[Haskell-cafe] appending an element to a list
Derek Elkins
derek.a.elkins at gmail.com
Wed Jun 11 21:09:52 EDT 2008
On Wed, 2008-06-11 at 17:18 -0700, Evan Laforge wrote:
> > Lets look at the actual reductions going on. To make the example easier,
> > I would like to use last instead of your complicated until. It shouldn't
> > make a difference.
>
> [ winds up doing twice as much work ]
>
> This was also my intuition. I had a function that built up a large
> output list by generating chunks and ++ them onto the output (e.g.

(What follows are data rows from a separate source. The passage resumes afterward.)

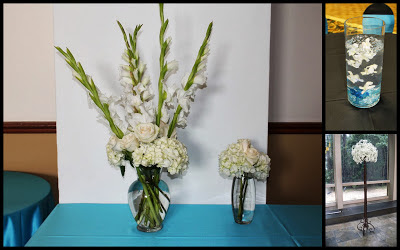 Part 2 of this post takes us to the reception at The Woodlands Resort and Conference Center in The Emerald Ballroom. These beautiful arrangements were AMAZING! Filled with white hydrangea, white spider mums, white oriental lilies (which made the room smell heavenly), white larkspur and bombay purple and white dendrobium orchids they made you say "wow" as you walked in the ballroom!The cocktail... -
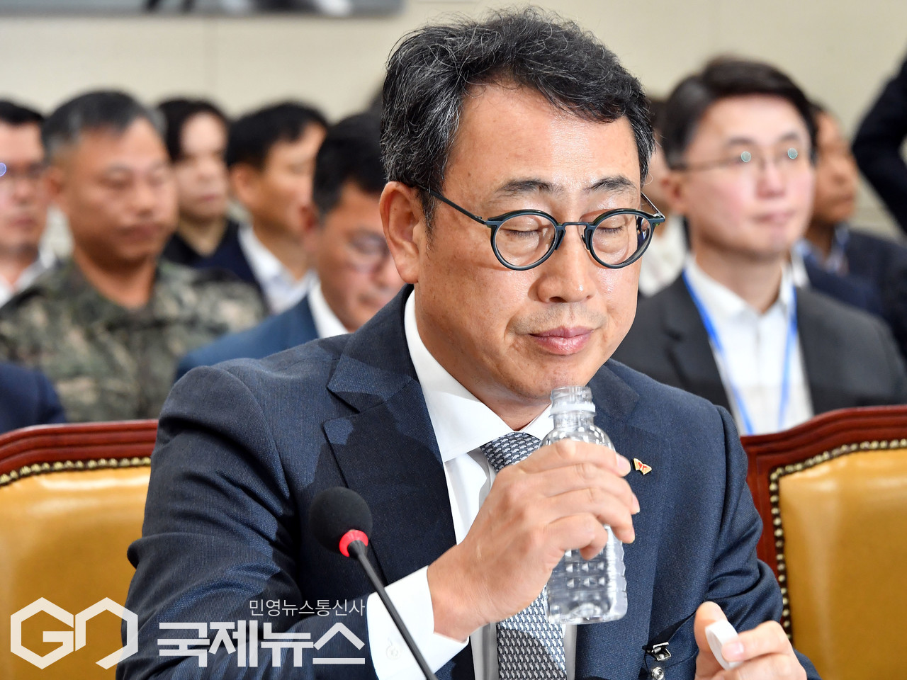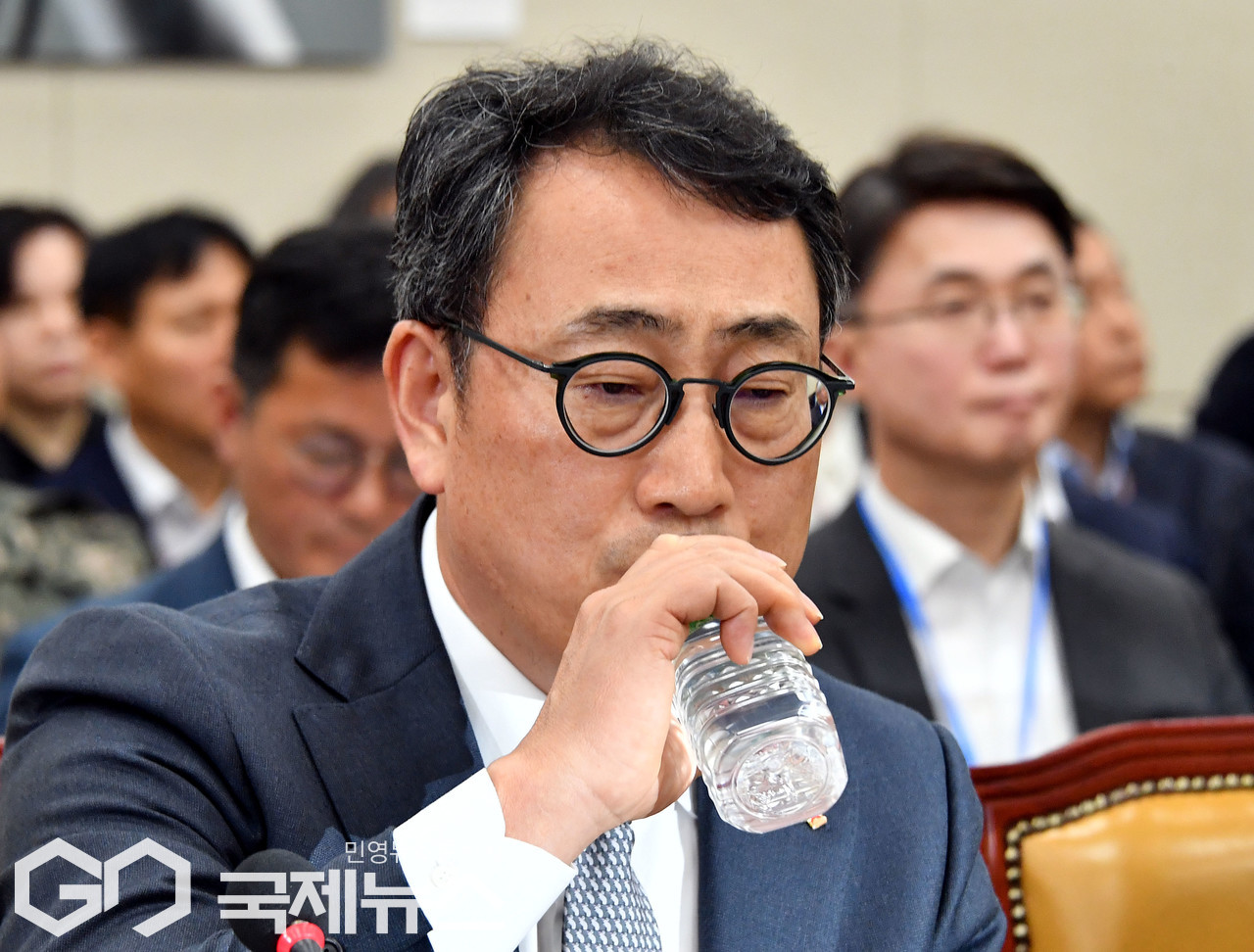 (서울=국제뉴스) 30일 오전 서울 여의도 국회에서 열린 과학기술정보방송통신위원회 전체회의 SKT해킹 및 YTN 등 방송통신분야 청문회에서 유영상 SKT텔레콤 사장이 물을 마시고 있다./사진=이용우 기자
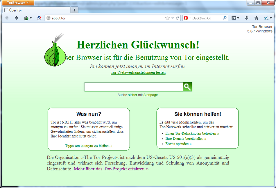 Nach erfolgreicher Verbindung mit dem Netzwerk, öffnet sich der Tor-Browser, mit dem nun Anonym im Internet gesurft werden kann.
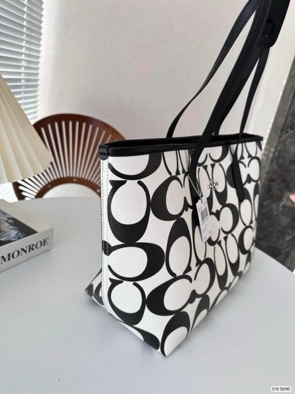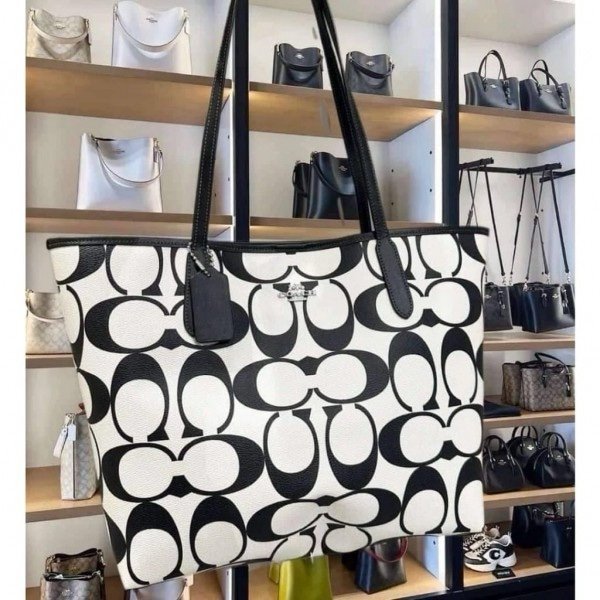 Coach Signature City Limited Edition Premium Tote Bag With OG Magnetic Box & Dust Bag (Black_White-874)(BSB)

> basically concatMap). My intuition was that this would get gradually
> slower because each (++) implied a copy of the previous part of the
> list. So if I have another function consuming the eventual output it
> will get slower and slower because demanding an element will reduce
> the (++)s for each chunk, and copy the element 1000 times if I have
> appended 1000 chunks by now.
>
> So I switched to using DList, which has O(1) append. Then I ran
> timing on a list that wound up adding up a million or so chunks... and
> both versions were exactly the same speed (and -O2 gave both an
> equally big speed boost).
>
> In fact, when I try with a toy example, the DList using one is much
> slower than the concatMap using one, which I don't quite understand.
> Shouldn't concatMap be quite inefficient?
concatMap is very efficient. (++) isn't slow. Left associative uses of
(++) are slow. concatMap = foldr ((++) . f) []
>
> The program below gives me this output:
>
> 15000000
> 45.7416
> 15000000
> 110.2112
>
> -O2 brings both implementations to 45.
>
> Interestingly, if I call 't1' from ghci, it sucks up 1gb of memory and
> slows the system to a crawl until I kill it.. this is *after* it's
> computed a result and given me my prompt back... even if its somehow
> keeping the whole list around in some ghci variable (where?), isn't
> 1gb+ a lot even for 15m boxed Integers? And why does it continue to
> grow after the function has completed? The compiled version doesn't
> have this problem.
>
>
> import System.CPUTime
> import qualified Data.DList as DList
>
> dconcat_map f xs = DList.toList (DList.concat (map (DList.fromList . f) xs))
>
> mkchunk n = [n, n*2, n*3]
>
> main = do
> t1
> t2
>
> t1 = do
> let a = concatMap mkchunk [0..5000000]
> t <- getCPUTime
> print (last a)
> t2 <- getCPUTime
> print (fromIntegral (t2 - t) / fromIntegral cpuTimePrecision)
>
> t2 = do
> let a = dconcat_map mkchunk [0..5000000]
> t <- getCPUTime
> print (last a)
> t2 <- getCPUTime
> print (fromIntegral (t2 - t) / fromIntegral cpuTimePrecision)